STEVENS: Indeed Ma’am. Well I’ve heard as in Norway and Sweden and such countries you can get rid of your ’usband as easy as asking, with no more reason than just losing your taste for him. Very unfair I calls it. All men is trying at times, but don’t turn them helpless creatures adrift, call ’em your cross and put up with ’em.19
In the preface to his 1908 play Getting Married, under the heading ‘What does the word marriage mean?’ George Bernard Shaw had written: ‘In Sweden, one of the most highly civilized countries in the world, a marriage is dissolved if both parties wish it, without any question of conduct. That is what marriage means in Sweden. In Clapham that is what they call by the senseless name of free love.’20 The divorce laws were the subject of much debate in the early twentieth century, and it was not until 1923’s Matrimonial Causes Act that women were able to file for divorce on the same basis as men. Prior to that, men had simply to prove infidelity on the part of their spouse, whilst women had to establish further exacerbating circumstances such as rape or incest.
Christie’s play goes on:
EUGENIA: It’s an equal law for men and for women. Men can obtain a divorce with equal ease.
STEVENS: Ah! Ma’am, but a wife’s an ’abit to a man, and we all know how attached a man is to his ’abits, drinking and smoking and such like.
EUGENIA: So you class a wife with drinking and smoking, Stevens!
STEVENS: Well, Ma’am it’s true she comes more expensive sometimes.
EUGENIA: Stevens, you are lamentably behind the spirit of the age …
STEVENS: (thoughtfully) It seems to me M’am, what with the gentlemen being as difficult and scarce to get hold of as they are, that it’s a pity to ask too much of ’em …

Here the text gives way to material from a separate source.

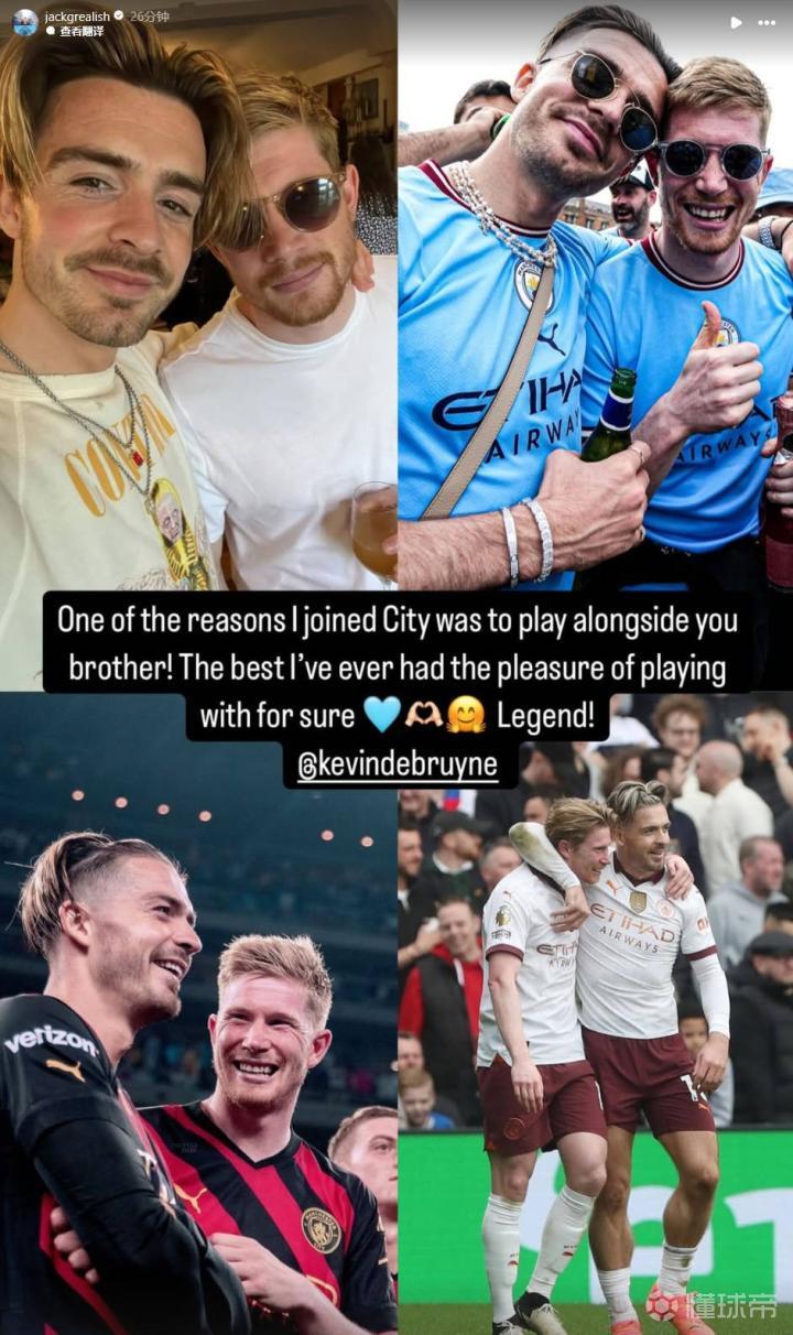 格拉利什晒出了自己与德布劳内的合照,并配文:“我加盟曼城的原因之一就是想和你一起踢球,兄弟!你是我合作过的最好的球员,很荣幸能和你一起踢球,传奇。”

EUGENIA: … next week, the Marriage Supervision Bill will become Law. It ensures that only the physically and mentally sound shall marry … I’m sure I don’t know what society is coming to. A few years ago money was everything – like birth used to be, and now nothing counts but notoriety. To be anybody one must have a new religion, or a new pet. My baby kangaroo, in spite of the fuss with the police, kept me in the forefront of society last season. But this year, Hyde Park is a walking menagerie, and an elephant would hardly attract attention. Eugenics, I feel assured, will be the next society craze. Let me then, be the first to take it up … This advertisement caught my eye this morning (reads) ‘Eugenic Institute. Men and Women of England. Protect the Race. Choose mates of physical and mental perfection. Come here and find your mate (Guaranteed with Medical Certificate). Remember the Race and Come. And here we are. What do you think of it, Stevens. Shan’t I be the most talked of woman in society?
STEVENS: It’s my experience, M’am, as anything that mentions racing, is shady.
Even the suffrage movement does not escape Stevens’ wisdom: ‘I holds as votes is very much the same as husbands, they’re a lot of trouble to get, and not much use once you’ve got ’em.’